A key observation is that GT-GRN consistently achieves higher median AUROC scores with notably lower variance across datasets, highlighting its robustness and reliability under varying experimental conditions. Each model was tuned with its respective optimal HPs, yet GT-GRN exhibits both stability and effectiveness across settings, clearly outperforming the existing baselines on all candidate datasets. In contrast, GNNLink shows a higher variance, particularly in the hESC-500 dataset, where its performance fluctuates significantly. GENELink and GNE display relatively stable performances, though both fall short of the superior AUROC achieved by GT-GRN. In particular, the mESC-1000 dataset highlights the clear dominance of GT-GRN, with its AUROC surpassing that of all other methods by a substantial margin.

Application of GT-GRN on cell-type classification

Cell-type-specific GRNs are crucial for defining transcriptional states during development, with each cell-type being characterized by a unique set of active TFs. These GRNs offer an unbiased method for studying gene regulation, providing valuable insights into the mechanisms driving cellular diversity. In this context, we explore the effectiveness of GT-GRN in reconstructing cell-type-specific GRNs, with the goal of cell-type annotation. To achieve this, we apply GT-GRN to scRNA-seq data from over 8000 human peripheral blood mononuclear cells (PBMCs8k), sourced from 10X Genomics (https://www.10xgenomics.com/datasets/8-k-pbm-cs-from-a-healthy-donor-2-standard-2-1-0). The data are preprocessed using the Scanpy framework [60], ensuring efficient handling and analysis of the single-cell data. For the ground truth network, we utilize the hTFtarget database [61], which integrates ChIP-seq data, TF binding sites, and epigenetic modification information. This comprehensive resource provides detailed insights into gene regulation and TF-target interactions, making it an invaluable tool for studying gene regulatory mechanisms.
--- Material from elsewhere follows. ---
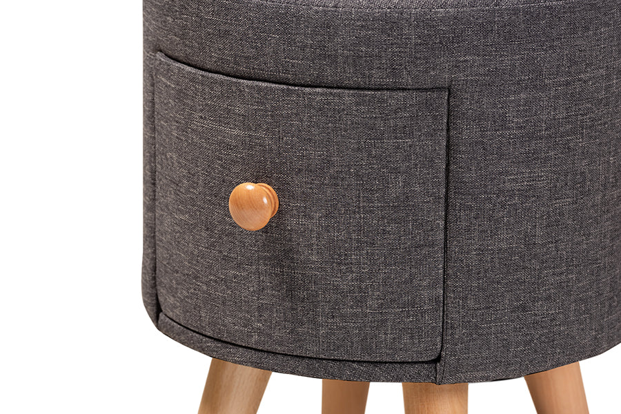 Baxton Studio Rocco Modern Transitional Dark Grey Fabric Upholstered and Oak Brown Finished Wood 1-Drawer Ottoman Stool

In order to perform cell-type annotation, it is essential to first reconstruct the GRN. This involves generating embeddings that represent the cell types based on their GRNs. These embeddings serve as the foundation for cell-type classification, enabling accurate annotation of the cell types based on their unique regulatory patterns. By leveraging the power of GT-GRN in inferring cell-type-specific GRNs, we aim to advance the cell-type annotation in scRNA-seq data, ultimately improving our understanding of the complex regulatory landscapes that define cellular identities.

GT-GRN for PBMC network reconstruction

We investigate GRN inference using GT-GRN by formulating it as a network regeneration problem on the PBMC dataset. First, we filter the data by removing genes expressed in <5% of cells and discarding cells that express <200 genes. Next, we normalize the total counts per cell to 10,000, ensuring comparability across cells. To further refine the data, we apply MAGIC [62] imputation, which reduces noise and improves expression patterns. Finally, we perform a logarithmic transformation to improve interpretability and optimize the data for downstream analysis.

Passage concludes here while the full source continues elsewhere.